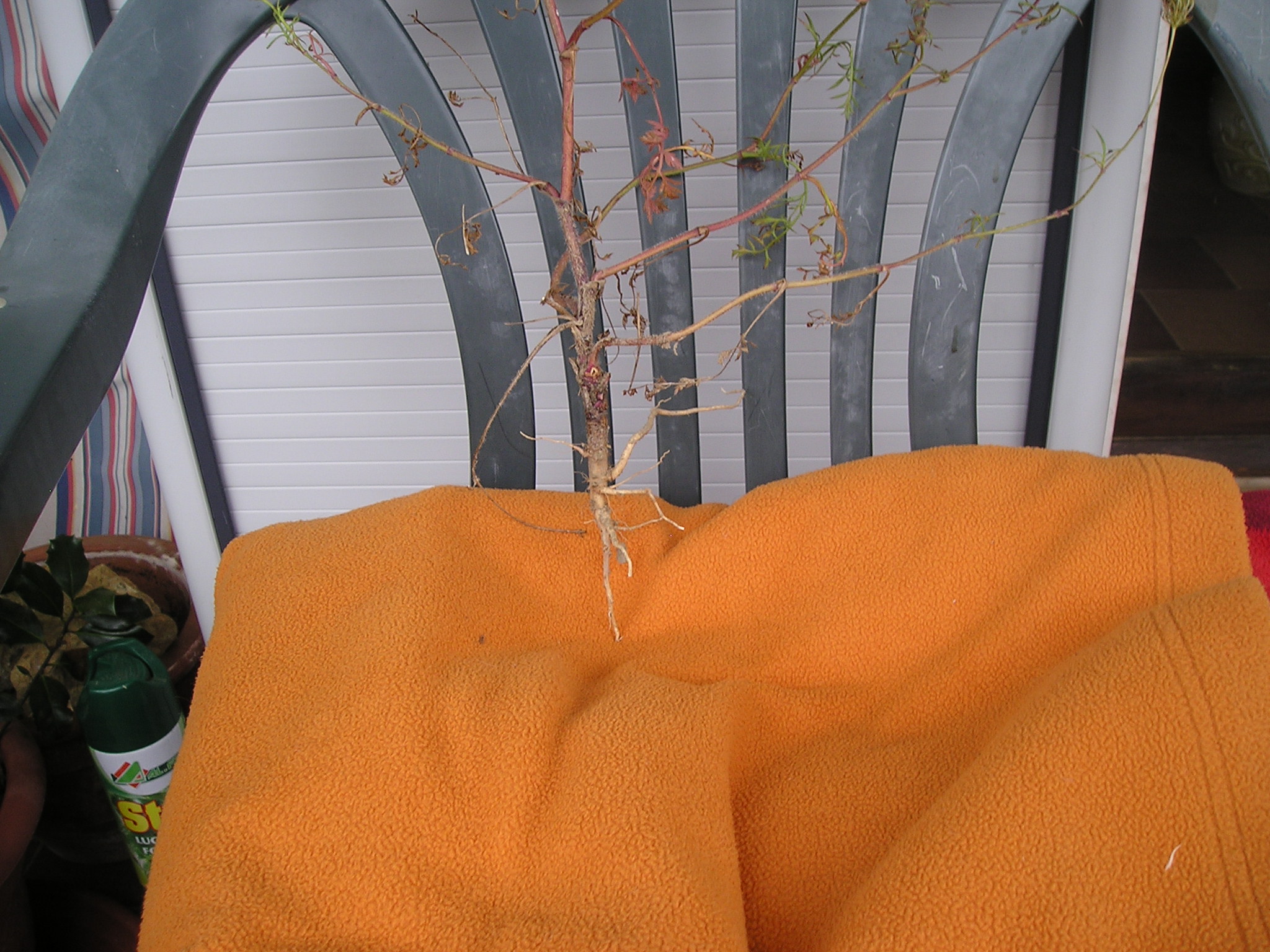 Sotto: oggi 25 aprile una gemma sta esplodendo  in  una infiorescenza ad ombrella corroborando l’ipotesi di una Apiacea o Umbellifera; per il genere e la specie ancora da vedere.
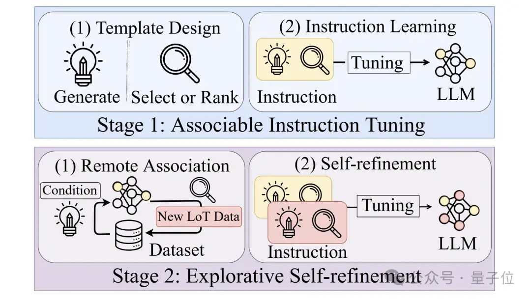 在這一階段中,本文首先通過設計遠關聯的條件詞,促使(1)中的模型生成多樣化且與輸入遠關聯的回答,并設計篩選流程,獲得可靠的新LoT數據。隨后,新數據被轉換成指令微調的訓練數據,用于進一步微調模型。
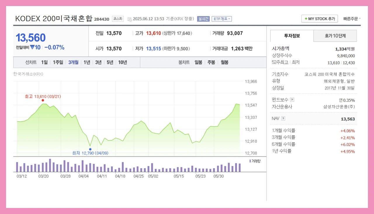 | 국내외 자산혼합 | 10% | KODEX 200미국채혼합 | 주식·채권 복합, 단일 시장 충격 분산 중립화 |
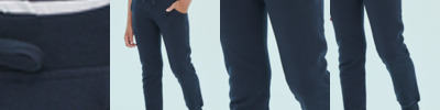 60% cotton/40% polyester.* Brushed back fleece. Ribbed elasticated waistband with flat lace mock drawcord. Two side pockets. Rear patch pocket. Ribbed cuffed leg ends. Tear out label.
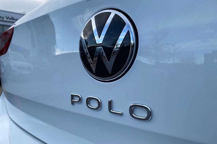 Advanced driver attention and drowsiness monitor, Bluetooth mobile phone interface, Dynamic road sign display, Emergency call service, Mobile phone preparation with inductive charging function, Multifunction front facing camera for distance control, Park distance control, Power assisted speed sensitive steering, Predictive adaptive cruise control without follow-to-stop and speed limiter, Preparation for navigation system with media and internet package, Preparation for We connect and We connect plus, Rear view camera, Speedo and rev counter, electronic odometer, trip, service interval display and exterior temperature gauge, Standard rear axle, Travel Assist - Lane keeping system and traffic jam assist, Travel assist including emergency assist, Trip computer, Warning signal and warning light for front and rear seatbelts not fastened, Washer fluid level indicator, Wireless app connect, Front wheel drive, Rear shock absorpion, Start-stop system with battery regeneration (recuperation - energy recovery during braking), DAB Digital radio, Diversity antenna for FM reception, Front and rear 6 speakers, Automatic dimming interior rear view mirror, Automatic headlight control with LED separate daytime running lights with coming/leaving home function, Body colour bumpers with chrome inserts, Body colour door handles, Body colour door mirrors, Electric front windows, Engine badge deletion, Headlight range adjustment, Heat insulating and laminated safety glass windshield, Heat insulating darkened glass in side and rear windows, LED Headlights, LED rear combination lamps, Power folding adjustable/heated exterior mirrors and front passenger exterior mirror lowering function, Rain sensor, Rear electric windows, Rear fog light, Rear side wing doors, Rear tinted glass from B-pillar backwards approx 65% tinted, Rear windscreen washer and wiper with interval delay, Third brake light, 12V power socket in centre console, 2 front and 2 rear reading lights with switch off delay and dimmer, 2 USB-C ports in the front, 2 USB-C charging sockets on the center console in the rear, 3 rear head restraints, 60/40 split folding rear seat and rear seat bench not split, Ceramique roof lining, Chrome plated radiator grille inserts, air vent surrounds and light switch surrounds, Door and side trim panel, Driver and front passenger seat height adjustment, Driver/passenger sunvisors with illuminated vanity mirrors, Front centre armrest, Front seat backrest storage pockets, Front standard seats, Handbrake lever handle in leather, Hartley/Thomas cloth upholstery, Headliner in recycled material, Isofix child seat preparation easy-fit (for two outer rear seats, and front passenger seat) compatible with I-size, Leather trimmed gear knob, Luggage compartment cover, Luggage compartment lighting, Removable luggage compartment floor, Single front passenger seat, Standard climatic zones, Standard pedal cluster, Three spoke leather wrapped multifunction steering wheel with shifting paddles, Light and vision pack - Polo, 3 point height adj front seatbelts + pretensioners, 3 point seat belt for centre rear seat, 3 point seatbelts, outer rear with ECE lable, ABS, Driver and front passenger airbag with front passenger airbag deactivation, Drivers and front passengers safety optimised head restraints, ESC (Electronic stability control) + EDL (Electronic Differntial lock) and ASR (Traction control), Extended and predictive pedestrian/ cyclist protection, Front assist with autonomous emergency braking (for Adaptive Cruise Control ACC up to 130 mph), Front curtain and side airbags with center airbag, Front disc brakes, Hill hold control, Manual child lock in rear doors, Rear drum brakes, Single tone horn, Tyre pressure loss indicator, Alarm with interior protection, Anti-theft alarm system with interior monitoring, backup horn, and towing protection, Anti-theft wheel bolts, Electronic engine immobiliser, Lava stone black gloss/matt decorative inserts in dash and front door panels, 16" Torsby alloy wheels, Low rolling resistance tyres,
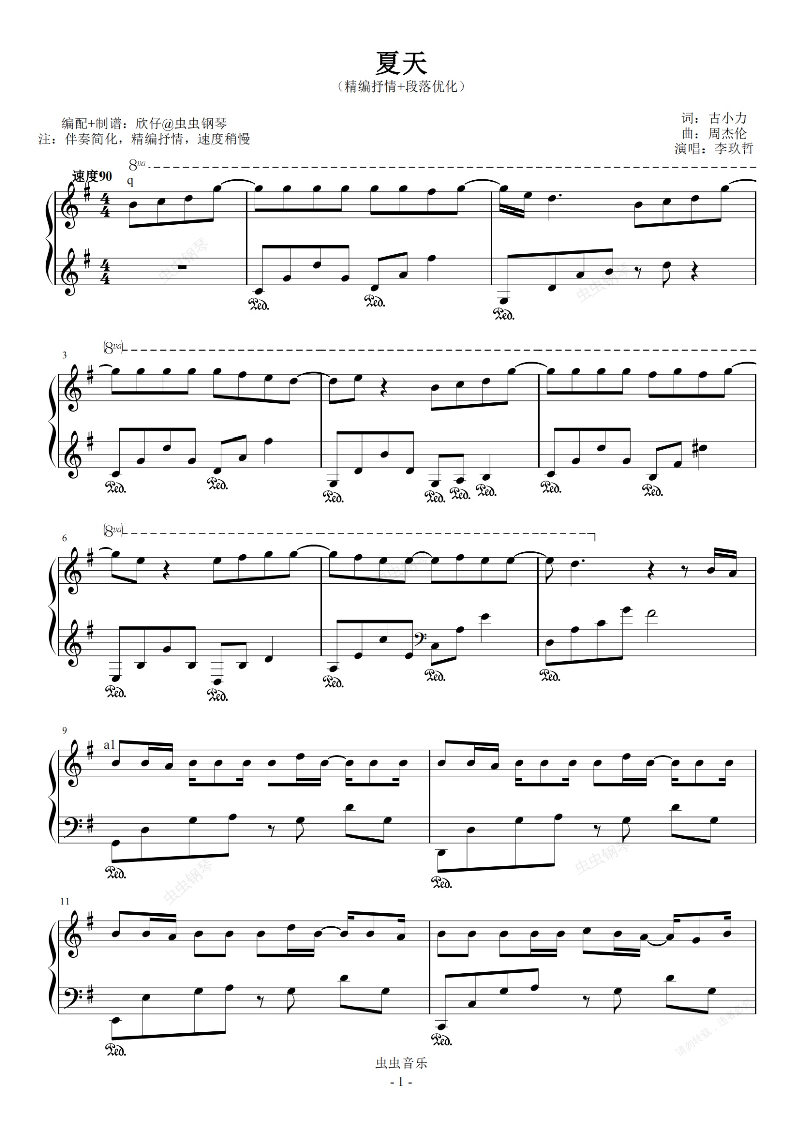 钢琴谱:李玖哲-G《夏天》(精编抒情+段落优化)

+++++

Output exactly the stretch of the listing that begins at the line containing "충격 분산 중립화 |" and ends at the line containing "60% cotton/40% polyester.*", both kept. Omit pictures and everything else.

 | 국내외 자산혼합 | 10% | KODEX 200미국채혼합 | 주식·채권 복합, 단일 시장 충격 분산 중립화 |
 60% cotton/40% polyester.* Brushed back fleece. Ribbed elasticated waistband with flat lace mock drawcord. Two side pockets. Rear patch pocket. Ribbed cuffed leg ends. Tear out label.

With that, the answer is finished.